How to complete this task.
Return an exact copy of the data, starting at its first line and ending at the line that contains "آخرین پلتفرم در", minus any pictures.

Stored data entries.
■ ■ ■ ■

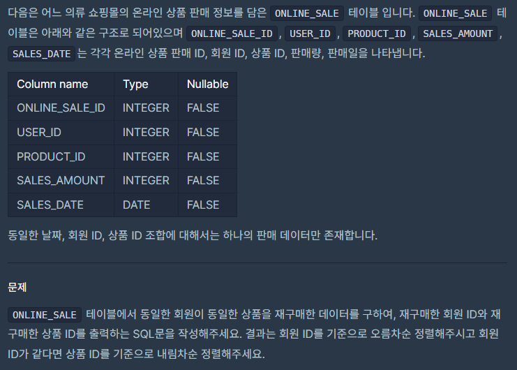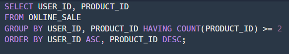 # 재구매가 일어난 상품과 회원 리스트 구하기
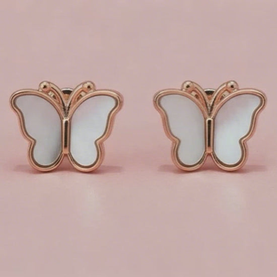 Glitzheaven 925 Sterling Silver Butterfly Stud Earrings – Rose Gold Finish with White Enamel
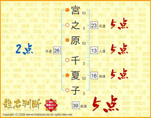宮之原千夏子さんの総運は39画の5点!
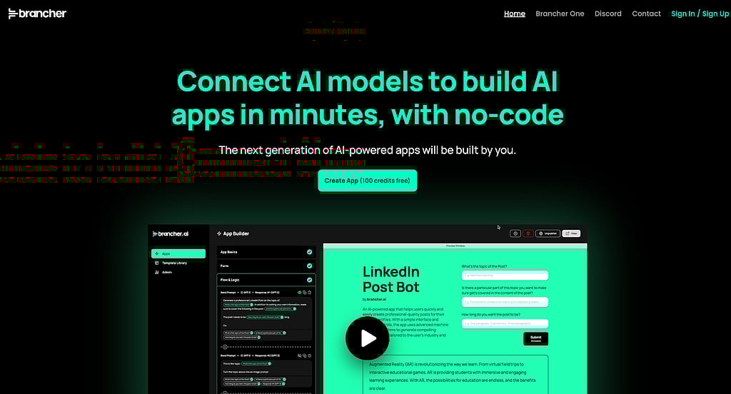آخرین پلتفرم در فهرست ما Brancher است؛ ابزاری که نه‌تنها برای ساخت سریع اپ مناسب است، بلکه تمرکز ویژه‌ای روی درآمدزایی دارد.
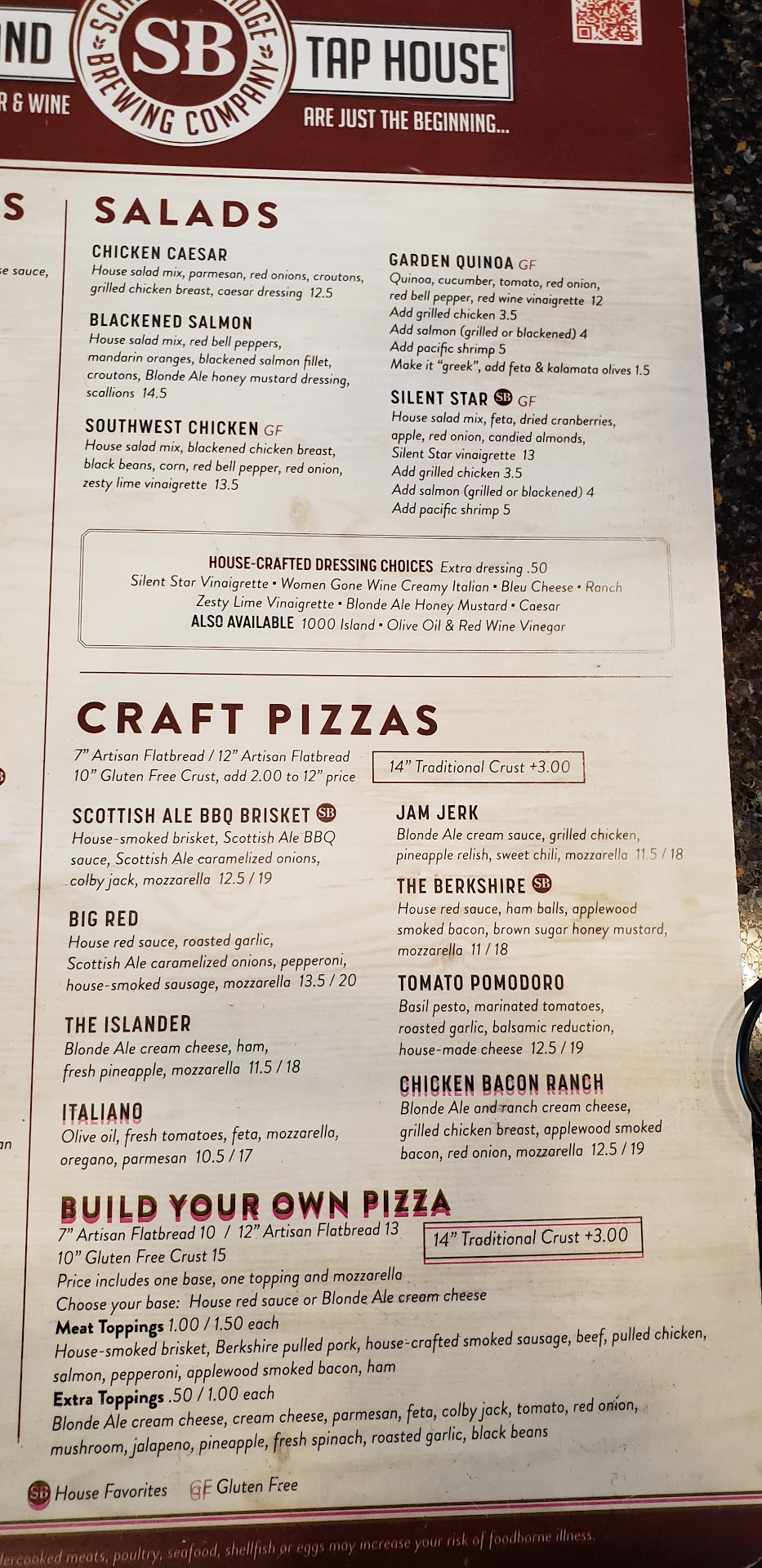 Tucked away in the fairly new neighborhood of Fallbrook is a truly remarkable dining destination. SchillingBridge brews their own beers, fragments their own wines and makes petty much every menu item from scratch. The atmosphere is intimate without being pretentious, and the prices are just right. My wife and I visited on a special night for us and our sever went above and beyond to make it special. Andy was very prompt and attentive without ever hovering over us, and shedida good job of discussing themenu without pushing for an upsell. We tried a flight of their beers and a flight of there wines and were delighted by both. For dinner we had the western burger and the 10oz sirloin. The flavors on the burger melded perfectly to make one of the best burgers I've ever had. The steak was cooked perfectly to order and paired with a mouthwatering compound butter made in house. This sirloin was better than any I've had before, and that includes theones on my father's castle ranch. We finished our evening we their bread pudding and were delighted to learn that everything from the bread to the caramel sauce is made in house. This was a uniquely decadent dessert and left us eager to return to what has already become "our...
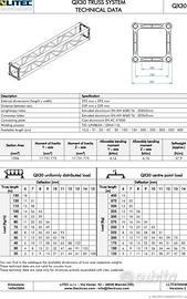 Vendo blocco indivisibile di 3 tralicci in alluminio LITEC QX30S della serie QX. o Quantità: 3 pezzi o Lunghezza di ogni traliccio: 300 cm (3 metri) o Lunghezza Totale: 9 metri o Condizione: Ottime condizioni, pronti all'uso. o Motivo della vendita: Immediato realizzo (Vero Affare). ATTENZIONE: La vendita è intesa ESCLUSIVAMENTE per il lotto completo di 3 pezzi. Non si accettano proposte per l'acquisto di singoli tralicci. Specifiche Tecniche Il traliccio LITEC QX30S è un modello standard professionale a sezione quadrata (29 cm di lato), ideale per strutture da palco, eventi, fiere e installazioni fisse. o Marca/Modello: LITEC QX30S o Sezione: Quadrata (29 x 29 cm) o Materiale: Alluminio EN AW 6082 T6 o Tubi Correnti (A): Tubo estruso Ø 50 x 2 mm o Diagonali (B): Tubo estruso Ø 18 x 2 mm o Sistema di unione: Conico (compatibile con i sistemi standard del settore). Logistica e Spedizione ? Il prezzo indicato non include la spedizione. o Spedizione: Da concordare. o Costo Spedizione: Il costo indicato è indicativo. Prego gli interessati di contattare per il calcolo preciso, poiché il costo finale dipenderà dal corriere e dalla destinazione. Contattatemi per maggiori dettagli o per organizzare il ritiro/spedizione.

■ ■ ■ ■

Exercise result.
 # 재구매가 일어난 상품과 회원 리스트 구하기
 Glitzheaven 925 Sterling Silver Butterfly Stud Earrings – Rose Gold Finish with White Enamel
宮之原千夏子さんの総運は39画の5点!
آخرین پلتفرم در فهرست ما Brancher است؛ ابزاری که نه‌تنها برای ساخت سریع اپ مناسب است، بلکه تمرکز ویژه‌ای روی درآمدزایی دارد.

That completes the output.